In assessing the potential risks of OMTs it should be taken into account that, in principle, the use of monetary policy instruments to maintain price stability entails financial risks for the Eurosystem. This applies not only to OMTs but also to main refinancing operations, to cite just one standard monetary policy instrument as an example. The Eurosystem uses main refinancing operations to make central bank money available to banks. In principle, these bank loans could also fail, even though the risk of this occurring is slight. Therefore, the European Central Bank’s Governing Council limits these risks, by requiring the provision of collateral for main refinancing operations. The European Central Bank’s Governing Council has also taken precautions with regard to OMTs in order to limit the Eurosystem’s financial risk. This is done, in particular, by applying a requirement of strict conditionality and the monitoring of the satisfactory implementation of the programme. This strict conditionality, compliance with which is to be independently assessed by the European Central Bank from the monetary policy perspective, ensures that the Member States concerned apply sufficient budgetary discipline and carry out structural reforms, to achieve a sustainable budgetary position. For the implementation of OMTs, as for other monetary policy operations of the European Central Bank, creditworthiness and risk management rules apply. In this way an excessive default risk is avoided.

It should be added, that the European Central Bank will not carry out any purchases using OMTs during the review of an ESM assistance programme. This also ensures that market conditions are not directly influenced by European Central Bank purchases whilst the programme is being assessed by the Troika.
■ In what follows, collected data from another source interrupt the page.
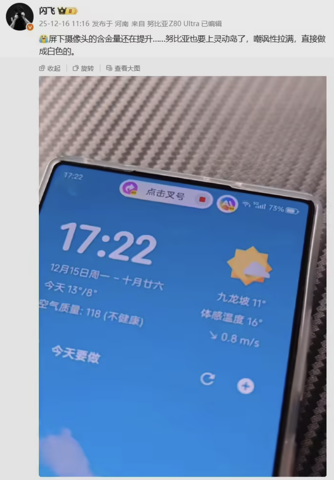 12月21日消息。近日,科技博主@闪飞在社交平台发布动态,透露努比亚即将在旗下机型中引入类似苹果“灵动岛”的交互功能,该功能采用白色设计,并且支持用户自主选择开启或关闭。这一消息迅速引发行业关注,成为全面屏时代交互创新领域的又一焦点。
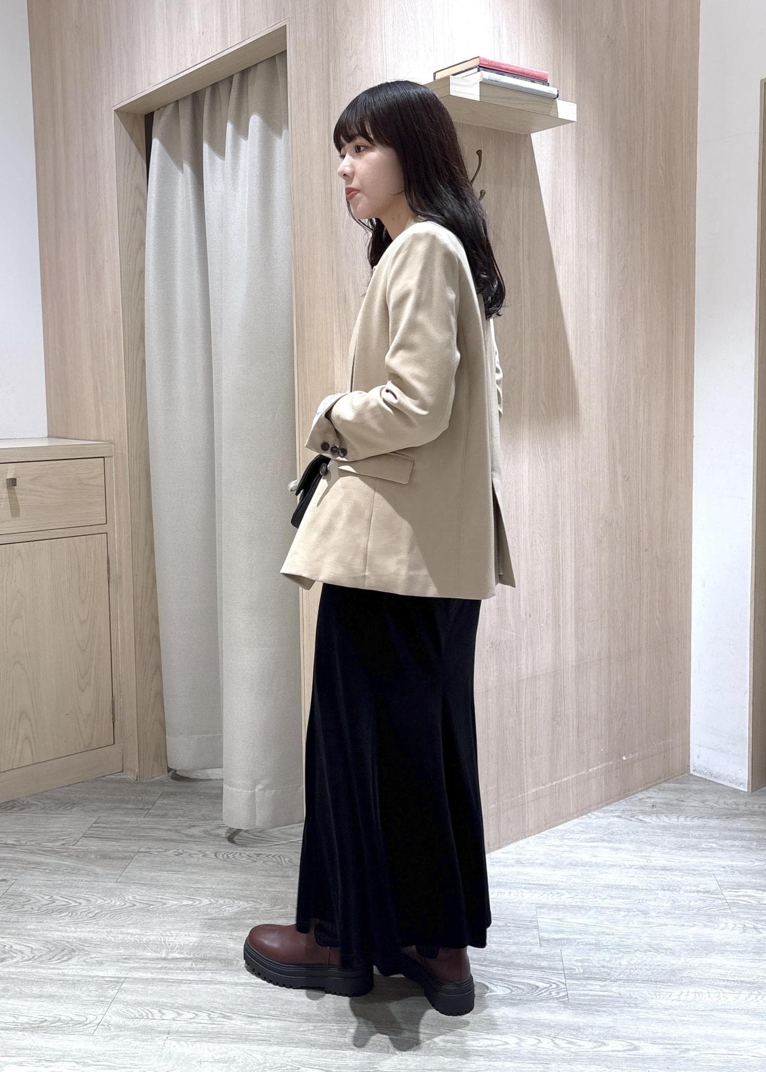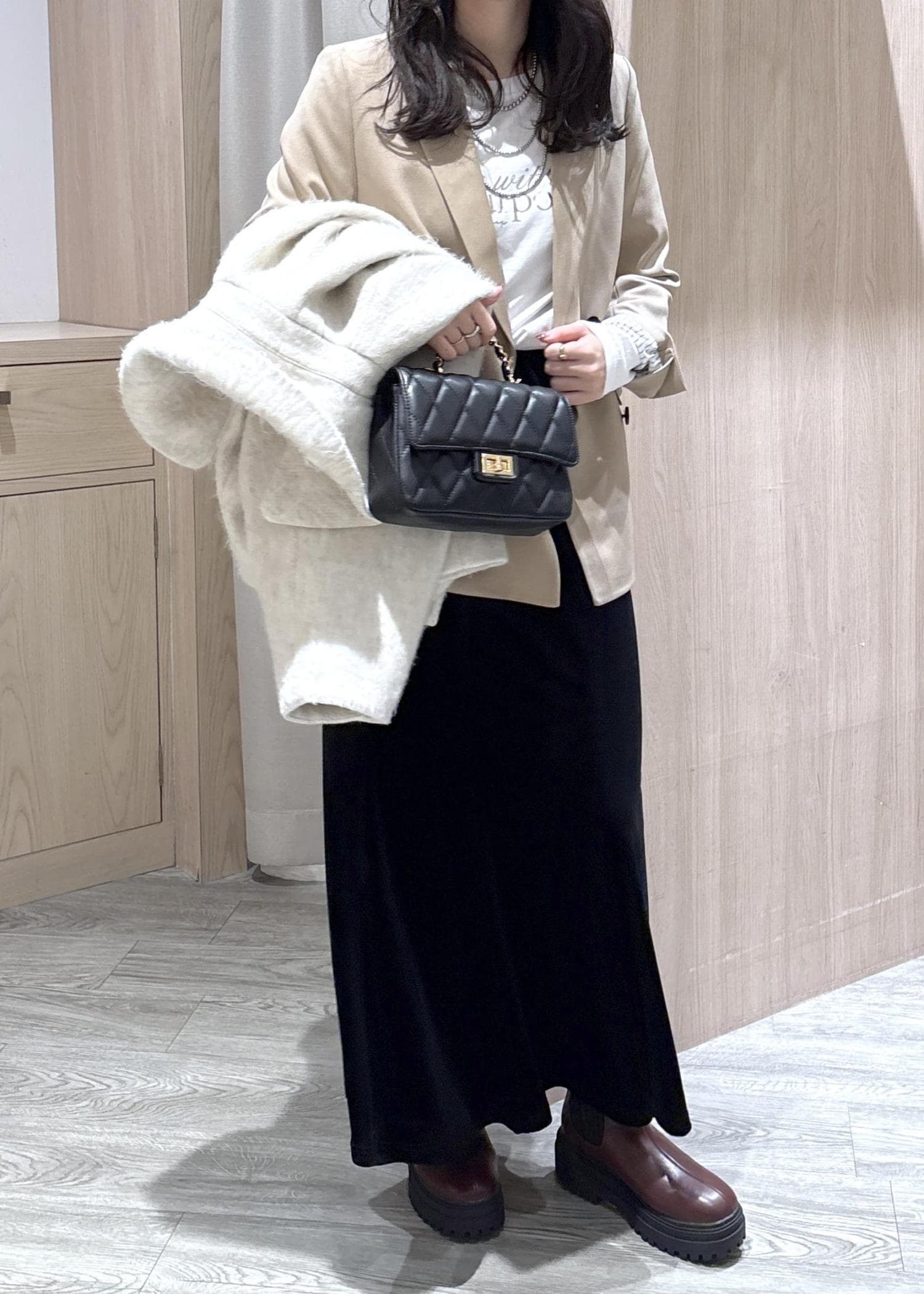 ベージュジャケットに流行りのベロアスカートを合わせました♪
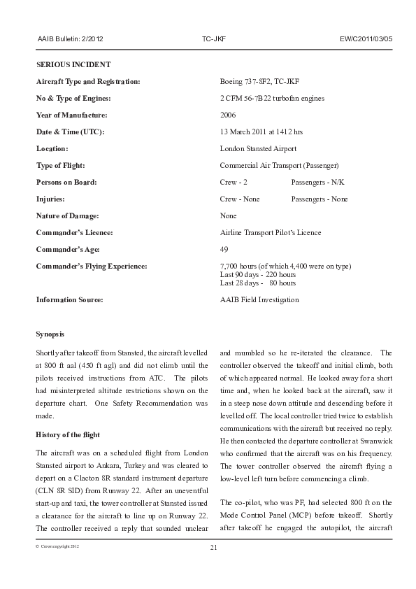 AAIB Bulletin 2/2012 EW/C2011/03/05, Boeing 737-8F2, TC-JKF, London Stansted, 13 Mar 2011
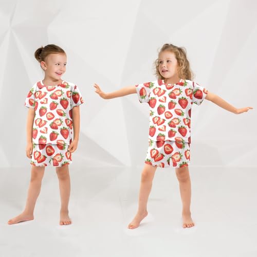 Red Strawberry Patterns Summer Cute Pajama Sets, Short Sets for Daily Wears and Sleep Wears 2

The comparison between OMTs and main refinancing operations demonstrates that the financial risks of various monetary policy instruments differ as to their degree but not as regards their principle nature. Thus the Court of Justice of the European Union held in its judgment that the precautions foreseen for OMTs are likely to reduce the risk of losses. It also recalled that a central bank, such as the European Central Bank, has a duty to take decisions that, like open market transactions, inevitably involve a risk of loss.

With regard to the necessity mentioned in the hearing outline, in connection with the potential risks of OMTs for the federal budget, for a recapitalisation of the Bundesbank, I would confirm the position of the European Central Bank that was provided in the last oral hearing.

As far as I am aware, under German law there is no obligation for the federal government to recapitalise the Bundesbank, even when its losses are of such a magnitude that its equity base is threatened.

Such a “default liability” can also not be deduced as a general rule under Union law in respect of the individual Member States when the central bank’s equity is drastically reduced. In accordance with the principle of financial independence as established by Article 130 of the Treaty on the Functioning of the European Union it follows that a central bank must permanently have adequate equity available to fulfil its monetary policy tasks within the Eurosystem. However, this does not mean that every loss must be immediately and fully offset by private or public shareholders or the Member States. A central bank can in the short and medium-term, even with reduced or negative equity, fulfil its Eurosystem monetary policy tasks. In this respect a reduced or negative equity does not preclude from the outset an orderly and stability-oriented monetary policy.

Only when this situation continues for too lengthy a period – the European Central Bank’s last Convergence Report spoke of “a prolonged period of time” - would doubts arise as to whether the central bank can still adequately fulfil its Eurosystem monetary policy tasks. Only in such an extreme case - and exclusively in this case - would they be recapitalised, not immediately, but - again in the words of the European Central Bank’s Convergence Report - “within a reasonable period of time”.

Conclusion

Mr Chairman,

Distinguished members of the Second Senate,

I and my colleagues are at your disposal for further questions on these and other issues.